That tells Griffin “the National Labor Relations Act has not necessarily been flexible enough to accommodate workers.” The Wal-Mart workers’ campaign, however, has also “had the objective of establishing national standards of wages and hours.”
Still, if the Wal-Mart workers choose to do so store by store – the U.S. Supreme Court several years ago barred them from a mass class action suit on wage and promotion discrimination against female workers – the process is slow and fraught with obstacles, he admits. “There’s a steady stream of cases, and handling them efficiently is a challenge,” he adds.
That’s why the nationwide mass movement, and the strikes it produces, is so important, he adds. But so is the legislation that empowers the workers, and in the absence of a rewrite of the NLRA – blocked by big business and the Republican-run Congress at the start of Democratic President Barack Obama’s term – that’s the way to go, Griffin states.

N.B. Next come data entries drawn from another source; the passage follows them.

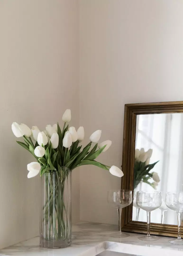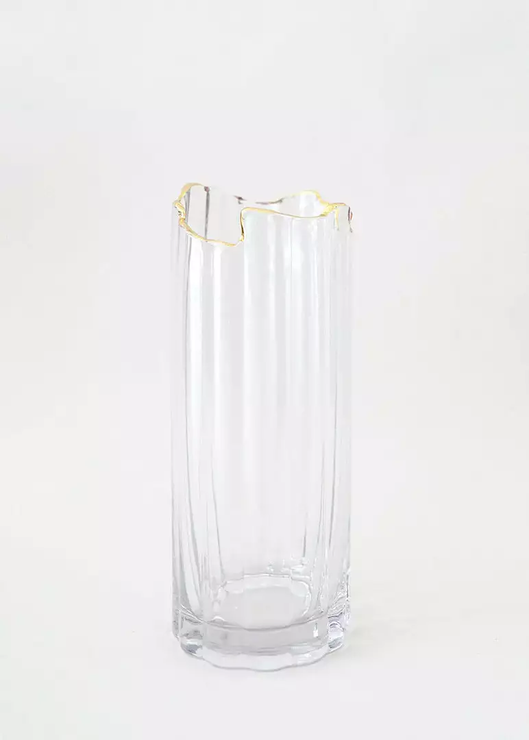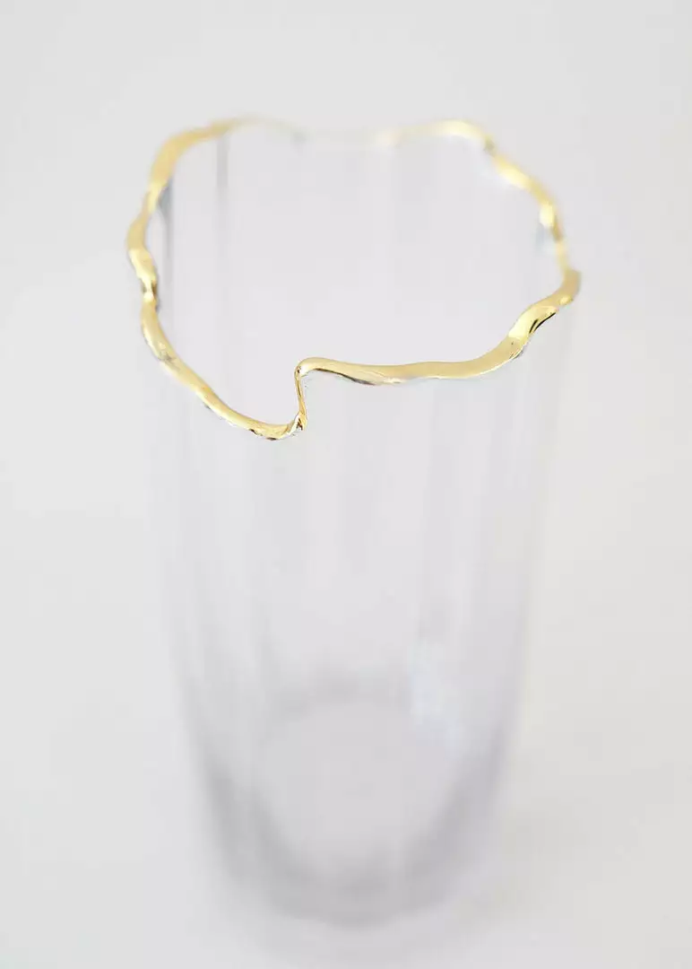 Inspired by the Gatsby era, this clear glass vase with a gold rim brings an understated elegance to any arrangement. With organic curves and a slightly ribbed texture, this glass vase adds dimension without overpowering. Simply drop a handful of artificial tulips inside and embrace an effortless, yet chic simple styling.
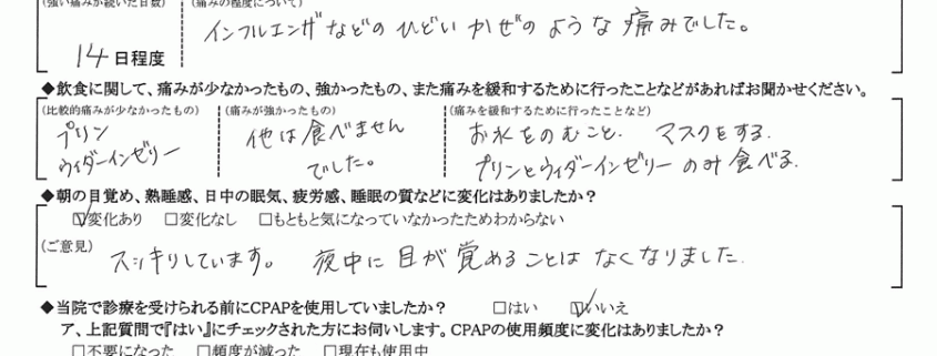 A:(痛みの程度について) インフルエンザなどのひどいかぜのような痛みでした。
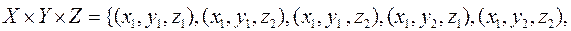Рассмотрим множества ,и : , , . Составим декартово произведение трёх множеств , и :

“We’re starting to see tripartite bargaining, where workers don’t have to be restricted to a small collective bargaining table,” covering one union and one employer, he explains. “You have the public involved with an industry” and its standards, or lack of them, and you get results such as Cuomo’s board on low-wage industries, he notes.
“That didn’t put people on the streets,” he said of a recent board session in Buffalo “but there were 250 witnesses,” extensive media coverage which brought the issue of low wages and lousy working conditions to public attention “and the result was workers and employers bargaining in public.”
Fight for 15 and a union is not the only mass movement out there of restless workers, or citizens, Griffin noted. It shares the same strategy and mobilization tactics with Black Lives Matter, the environmental justice movement, and campaigners for LGBT rights, including workplace rights. Sooner or later, he predicts, all four movements “will have a convergence on their issues,” with all four supporting each other.
“It’s important not to suffer from a lack of imagination,” Scott said. “What we’re looking at is a large service sector,” including fast food workers, retail workers, port truckers, Wal-Mart workers, warehouse workers, home health care workers, and adjunct professors “which is suffering the same challenges the industrial sector had” in the 1930s.
“We’re going to have to addressed that legally – and with different models” of organizing, she adds. Employers fight back in legislatures and in courts, but that shouldn’t stop the workers, Scott warns. “At SEIU, we say no court case will stand in the way of workers changing their own lives.”